Gut, die Zahl der Kliniken die sich auf Alkoholismus-Reha spezialisiert hat ist explodiert. Die bereits damals geschätzten 30 Milliarden DM volkswirtschaftliche Kosten sind heute in EURO angegeben, also gleichgeblieben und die Zahl der Abhängigen (1,9 Mio) ist auch in etwa gleich geblieben. Ein paar Statistiken hin- oder hergeschönt, im Grunde alles statisch geblieben.

Das Abstinenzparadigma ist unverändert im Umlauf auch wenn Karl Mann seit 2000 sagt: Abstinenz ist nicht mehr das Ziel. Alkoholikern begegnet man innerhalb der Gesellschaft mit der unverändert gleichgebliebenen Verachtung und man fragt sich schon, was hat eigentlich die Suchtforschung in 35 Jahren gemacht?
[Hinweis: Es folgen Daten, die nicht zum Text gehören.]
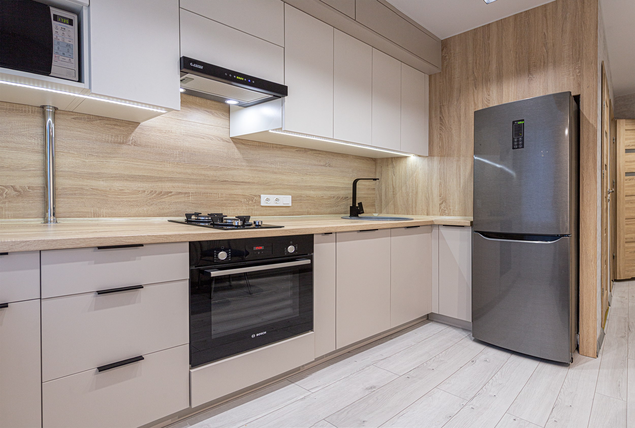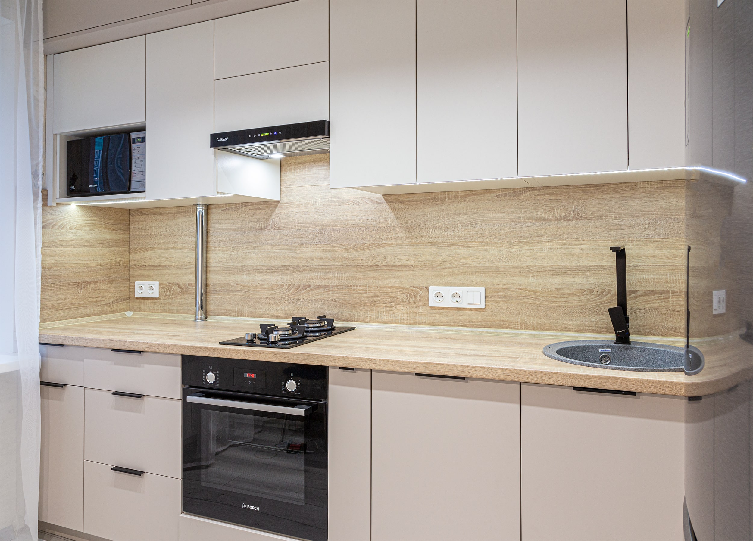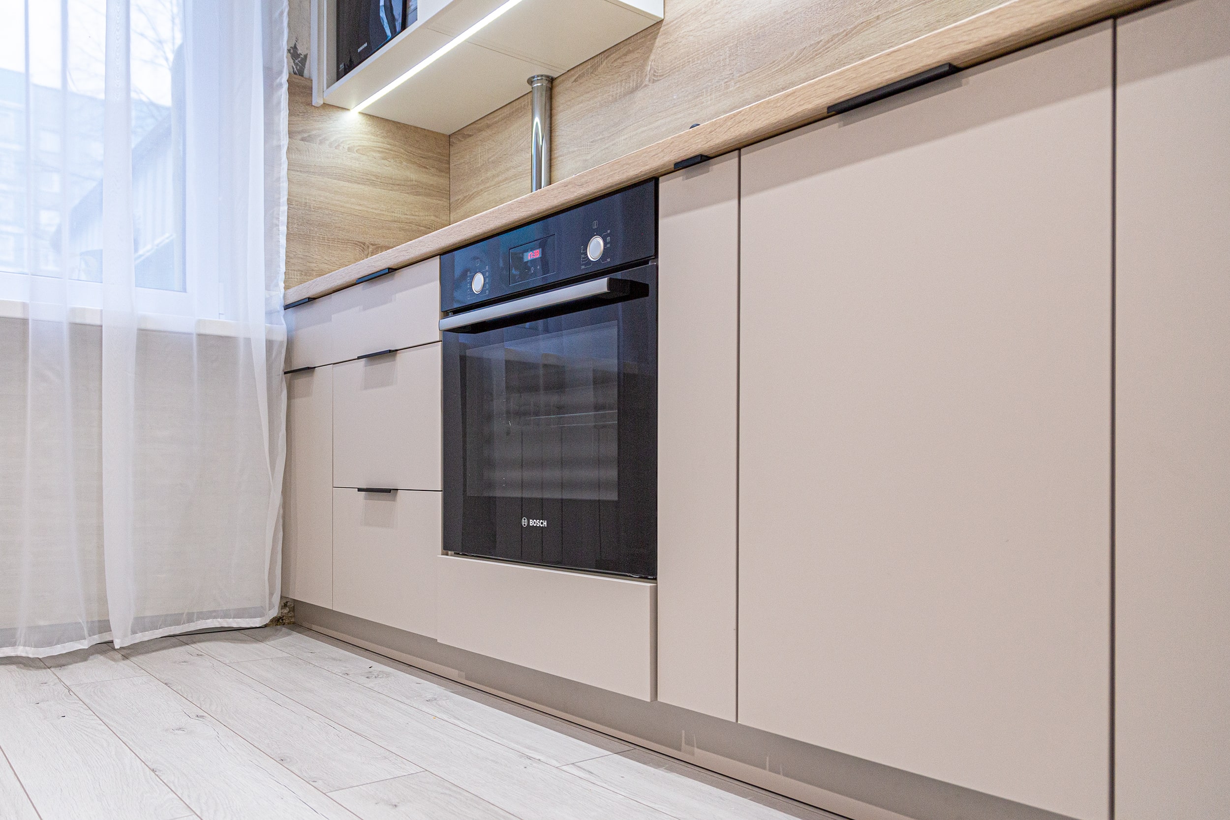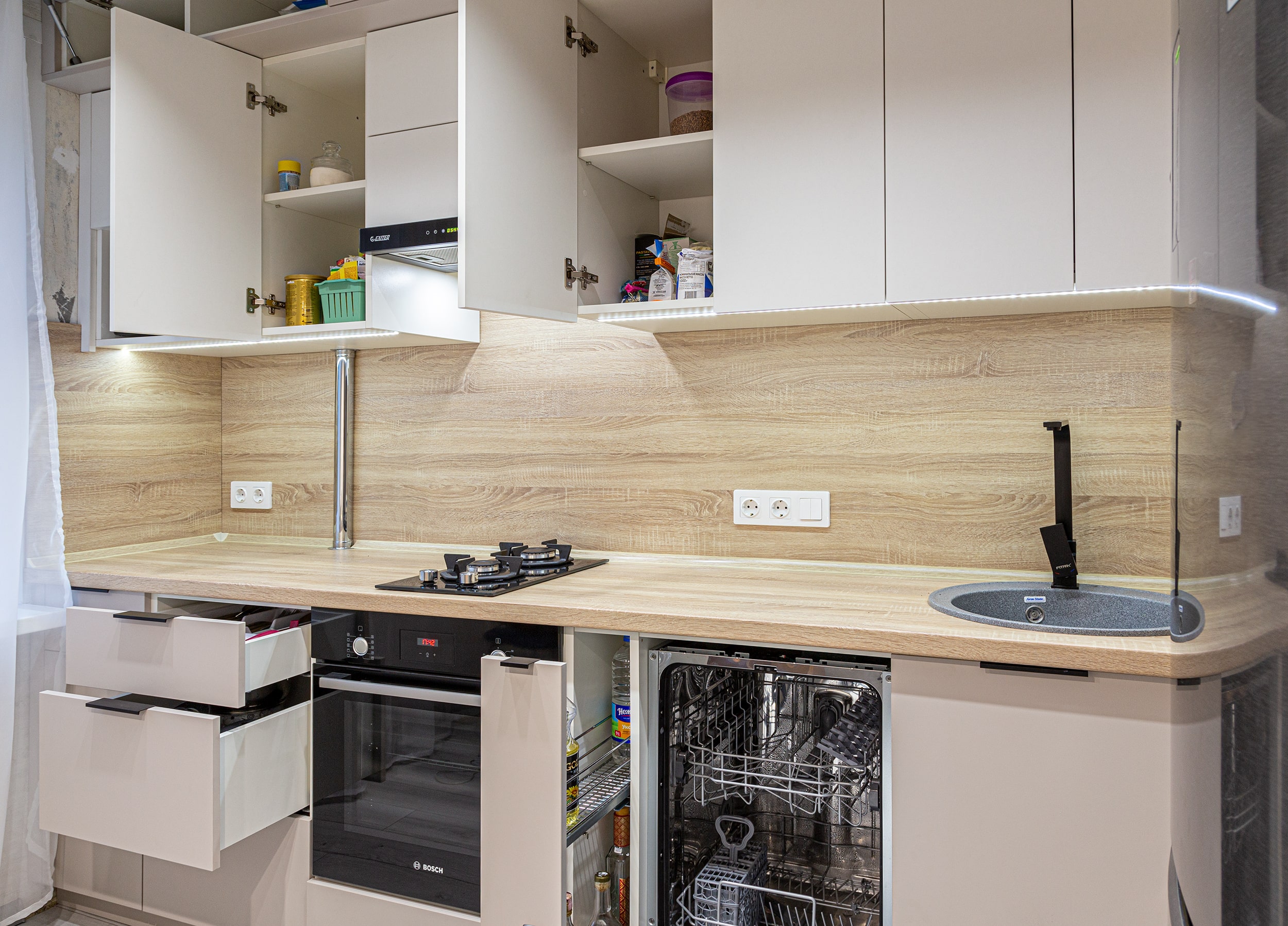 Разработка эргономичного проекта кухни вместе с профессионалом, подбор фурнитуры и материалов. Окончательный расчет стоимости.

Heute das erste Glas stehen lassen? Auch da hat sich nichts geändert, bzw. hätte sich nichts geändert wenn nicht Baclofen aufgetaucht wäre. 30 Jahre Stillstand und ergebnislose Forschung bis ein einzelner Mann, Arzt, Alkoholiker, diesen Zustand nicht als Gott gegeben hinnehmen wollte.

Olivier Ameisen hätte es für sich behalten können und gut. Dass er es an die große Glocke gehängt hat, ein Buch geschrieben hat, ist sein eigentliches Verdienst – man sollte ihm dafür dankbar sein.
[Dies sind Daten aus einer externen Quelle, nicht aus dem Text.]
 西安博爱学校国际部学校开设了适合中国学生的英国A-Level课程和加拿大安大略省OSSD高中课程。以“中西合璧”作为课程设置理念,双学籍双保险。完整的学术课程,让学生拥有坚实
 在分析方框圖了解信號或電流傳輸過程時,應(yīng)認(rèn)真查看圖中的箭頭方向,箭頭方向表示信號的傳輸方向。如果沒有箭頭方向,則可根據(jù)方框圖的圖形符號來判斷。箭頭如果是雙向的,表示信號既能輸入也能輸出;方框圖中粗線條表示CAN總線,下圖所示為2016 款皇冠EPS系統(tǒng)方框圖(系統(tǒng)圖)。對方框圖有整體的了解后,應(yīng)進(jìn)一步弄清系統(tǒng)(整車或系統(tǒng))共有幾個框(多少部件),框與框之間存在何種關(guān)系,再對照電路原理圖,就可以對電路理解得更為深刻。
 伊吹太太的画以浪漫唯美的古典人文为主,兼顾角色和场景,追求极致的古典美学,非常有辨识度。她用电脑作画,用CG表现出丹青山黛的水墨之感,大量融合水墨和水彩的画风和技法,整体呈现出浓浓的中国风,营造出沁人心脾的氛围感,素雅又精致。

Stattdessen ist es für grenzdebile Zeitgenossen ein Grund zu lästern obwohl sie davon profitieren. Mit einem Minimum Resthirn wäre zu erkennen: ohne Ameisen kein Baclofen für Alkoholiker – Addolorato würde heute noch Ratten damit füttern oder Menschen mit höchstens 30mg.

LG Federico

Re: Wissensstand 1977 und heute?

Dienstag 21. Februar 2012, 19:51

Da hast du recht.
Super geschrieben.
Sprichst mir aus der Seele.

Gruss K.Neumann

Re: Wissensstand 1977 und heute?

Mittwoch 22. Februar 2012, 10:02

@Federico,

dass Bac das Verlangen nach Alkohol deutlich reduziert bis ausschaltet ist unstrittig.
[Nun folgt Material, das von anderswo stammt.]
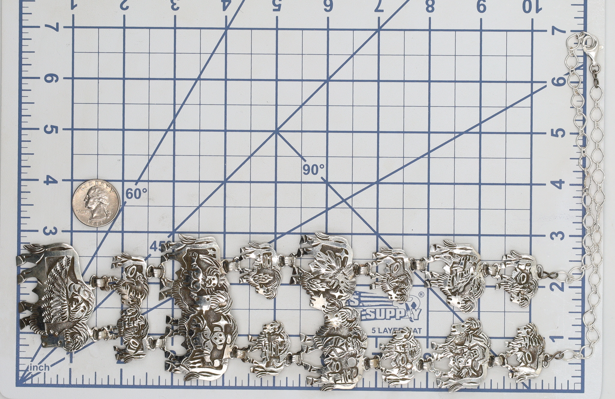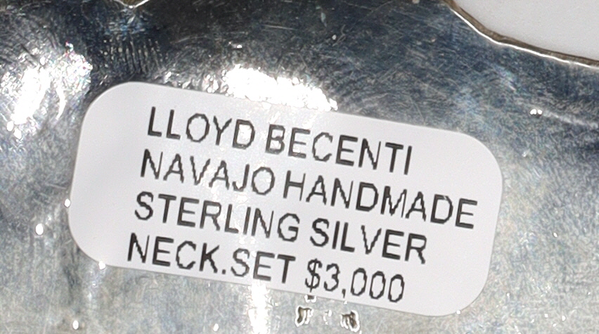 A Navajo handmade sterling silver ‘storyteller’ necklace by Lloyd Becenti, composed of twenty-one graduated, stylized bison-shaped plaques, connected by small jump rings, with an oval-link chain and lobster clasp. The plaques are intricately detailed with raised or etched designs, depicting various motifs including human-like faces within their forms. The reverse of the largest central plaque bears an adhesive label reading ‘LLOYD BECENTI NAVAJO HANDMADE STERLING SILVER NECK.SET $3,000’, and a stamped mark ‘LB STERLING’ is visible on another plaque.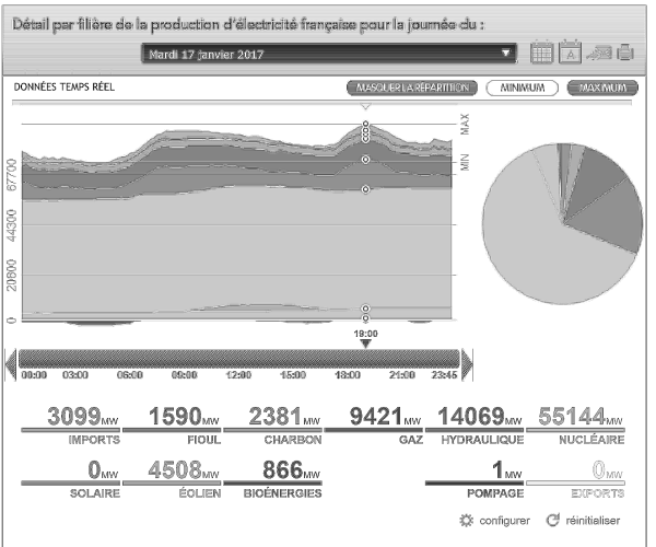 Document n°1 : Production d’électricité par filière en France pour la journée du Mardi 17 janvier 2017 (http://www.rte-france.com/fr/eco2mix/eco2mix-consommation)

Die alte und unschöne Regel:

Heute das erste Glas stehen lassen


hat aber auch in Zeiten von Baclofen leider seine Berechtigung.
Ich weiß wovon ich schreibe.

Mag sein, dass sich das in einigen Monaten anders darstellt. Mir lag trotzdem daran das Thema aufzugreifen.
Ich weiß, dass es Dir darum ging darzustellen, dass Abstinenz nicht mehr (unbedingt) das Ziel ist. Aber ein wenig Sorge habe ich schon, dass manch einer allzu leichtfertig Deine ungewollte Einladung annimmt und mit "dem ersten Glas" zurückprostet.

LG
Obelix

Re: Wissensstand 1977 und heute?

Mittwoch 22. Februar 2012, 10:59

Aber ein wenig Sorge habe ich schon, dass manch einer allzu leichtfertig Deine ungewollte Einladung annimmt und mit "dem ersten Glas" zurückprostet.

Lieber Obelix,

diese Sorge teile ich schon sehr lange und habe deshalb schon oft genug auf das verhängnisvolles Missverständnis hingewiesen: Niemand kann ohne Regeln bedenkenlos Alkohol trinken, die Suchfunktion des Forums zeigt 122 Beiträge allein zu diesem Thema. 85% der nicht suchtgefährdeten Menschen haben ihre eigenen Regeln und sie halten sie auch ein.

Ganz offensichtlich benötigen gerade wir so etwas wie Königsregeln. Eine Grobrichtung an die man sich halten kann. In einem neuen Thread könnten wir gemeinsam die neuen Regeln nach und nach erarbeiten. Du bist herzlich eingeladen mit zu machen, Deine Erfahrung ist wichtig.

Für einige könnte die erste Königsregel möglicherweise lauten: „heute das zweite Glas stehen lassen.“ Das kann und muss nicht für alle und jede gelten, ein neues Regelwerk kann aber helfen, es für sich persönlich gefahrlos herauszufinden.